Product: IO/Storage Reporter: Gary Trakhman (gary.trakhman)
Component: Block LayerAssignee: Jens Axboe (axboe)
Status: CLOSED CODE_FIX    
Severity: normal CC: akpm, florian, lenb, rjw, xelfium, yakui.zhao
Priority: P1    
Hardware: All   
OS: Linux   
URL: https://bugs.launchpad.net/ubuntu/+source/linux/+bug/492684
Kernel Version: 2.6.32 Subsystem:
Regression: Yes Bisected commit-id:
Bug Depends on:    
Bug Blocks: 7216, 14230, 56331    
Attachments: lspci
dmesg
some errors
acpidump
acpidump-gary
try the debug patch
lspci -v output for HP 530 laptop

Description Gary Trakhman 2009-12-10 18:53:45 UTC
This is my strange experience.  Running Ubuntu Karmic.  all 2.6.31 kernels work fine.  When I began testing 2.6.32 rc's from git, my system would hang during the second suspend.  First one always worked.  This occurs with -zen and ubuntu mainline ppa kernels.  Screen displays whatever was happening at the time. When it occurs, I must power off by holding down power for 4 seconds.  

Here's a link to the ubuntu bug report, that has all my system information.
https://bugs.launchpad.net/ubuntu/+source/linux/+bug/492684
Comment 1 Gary Trakhman 2009-12-10 18:56:51 UTC
Odd thing I noticed, it works fine at the GDM prompt, however, once I login, it gets the strange behaviour.
Comment 2 Andrew Morton 2009-12-10 22:52:11 UTC
I tentatively reassigned this to acpi.
Comment 3 Alois Nespor 2009-12-13 22:10:05 UTC
Created attachment 24171 [details]
lspci
Comment 4 Alois Nespor 2009-12-13 22:11:07 UTC
Lenovo SL500, same problem.

First one or two suspend works good.
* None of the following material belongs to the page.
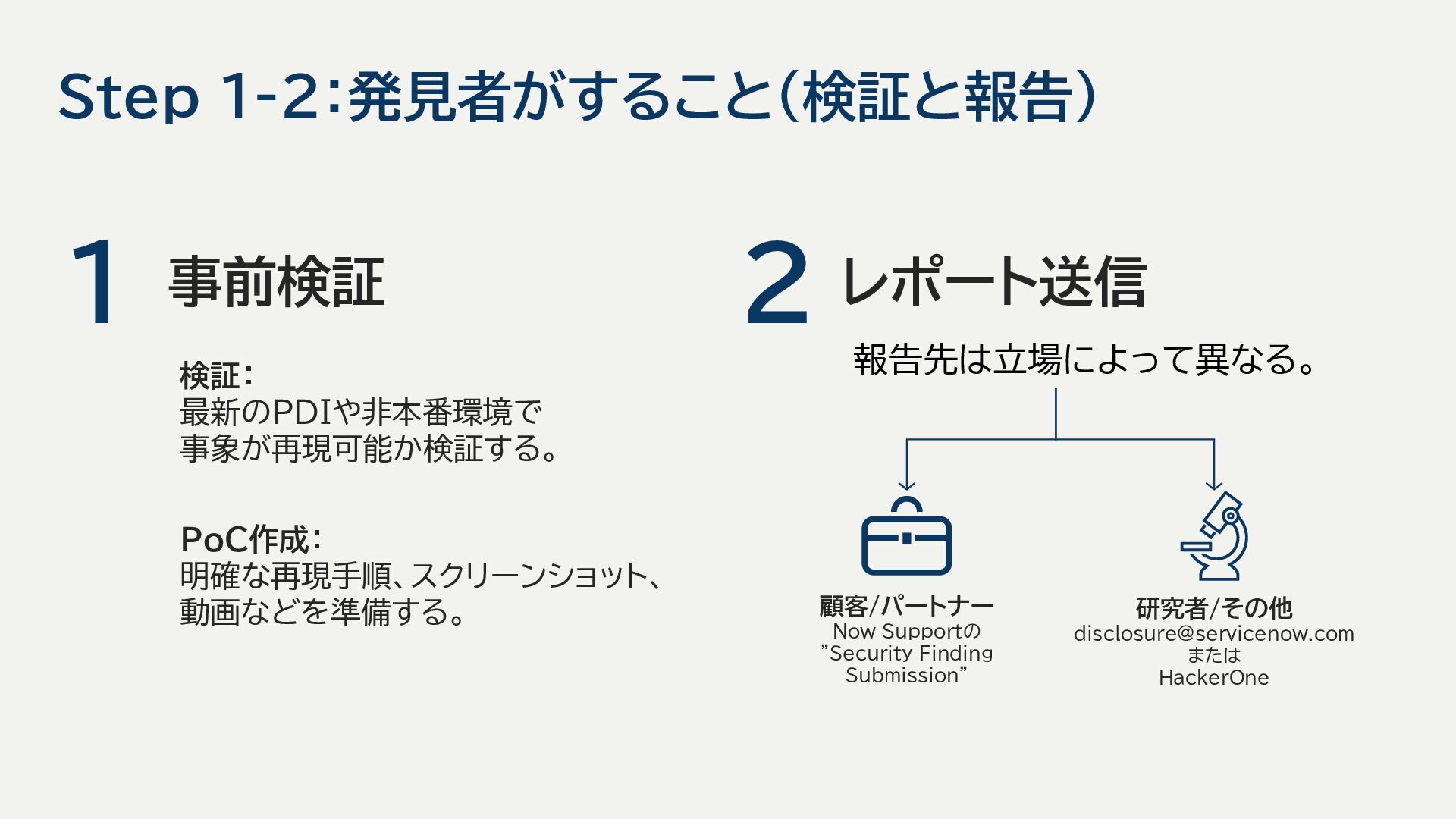 Step 1-2:発見者がすること(検証と報告) 1 事前検証 2 レポート送信 報告先は立場によって異なる。 検証: 最新のPDIや非本番環境で 事象が再現可能か検証する。
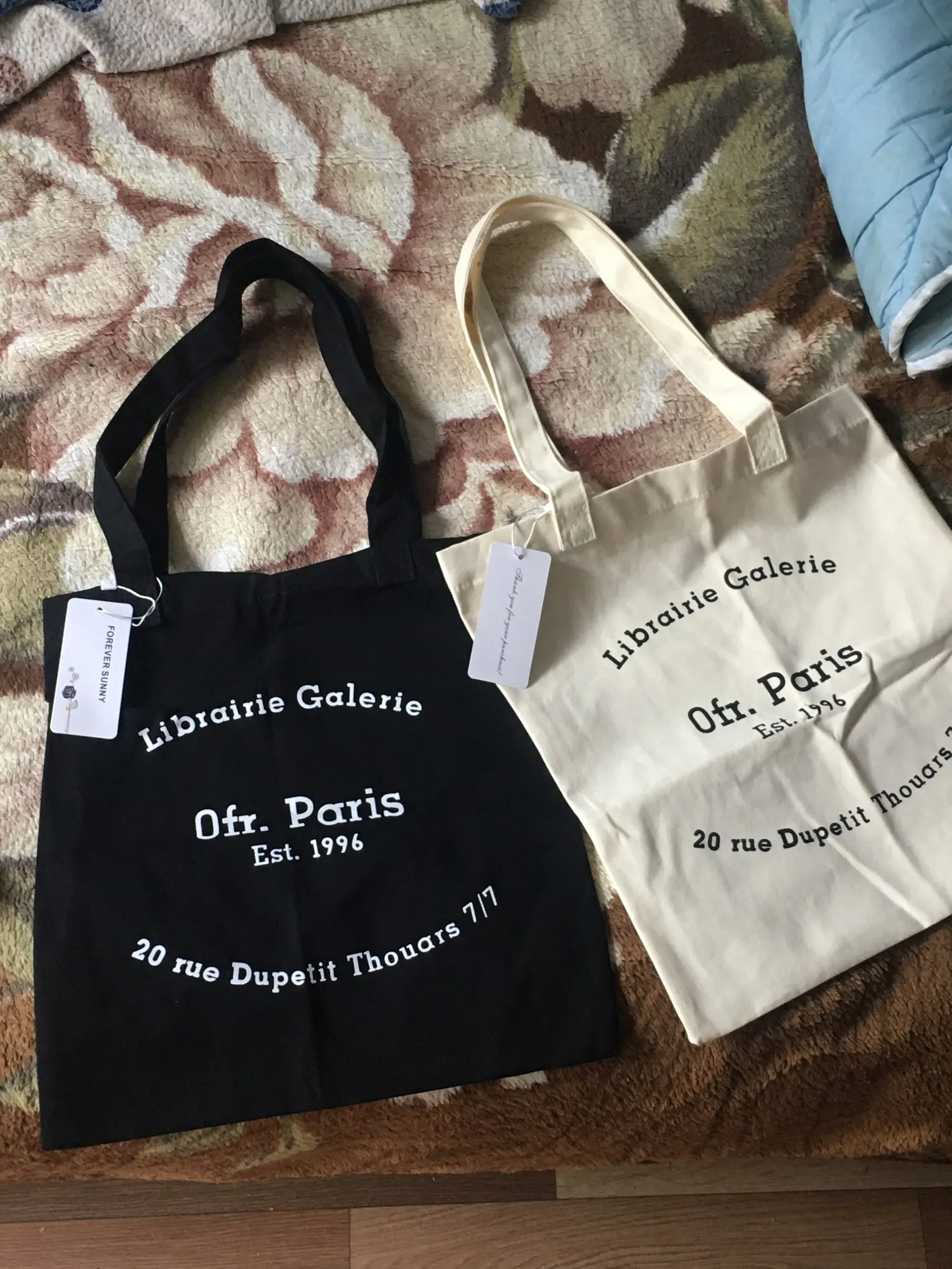 Сумка-шоппер женская из хлопка и льна, с принтом в виде парижских букв

After next, black screen, can switch to console.
Comment 5 Alois Nespor 2009-12-13 22:11:36 UTC
Created attachment 24172 [details]
dmesg
Comment 6 Alois Nespor 2009-12-13 22:12:48 UTC
dmesg: one ACPI warning
ACPI Warning: _BQC returned an invalid level (20090903/video-631)
Comment 7 Alois Nespor 2009-12-13 22:16:21 UTC
Created attachment 24173 [details]
some errors

some errors:
Dec 13 22:56:01 lenovo kernel: PM: Device PNP0C0D:00 failed to resume: error 1
Dec 13 22:56:30 lenovo kernel: PM: Device PNP0C0D:00 failed to resume: error 1
Dec 13 22:57:06 lenovo kernel: PM: Device PNP0C0D:00 failed to resume: error 1
Dec 13 23:00:35 lenovo kernel: PM: Device PNP0C0D:00 failed to resume: error 1
Dec 13 23:01:02 lenovo kernel: PM: Device PNP0C0D:00 failed to resume: error 1
Comment 8 Alois Nespor 2009-12-13 22:39:25 UTC
from dmesg:

input: Lid Switch as /devices/LNXSYSTM:00/LNXSYBUS:00/PNP0C0D:00/input/input1
ACPI: Lid Switch [LID]

and this problem occur, when i close cover my notebook.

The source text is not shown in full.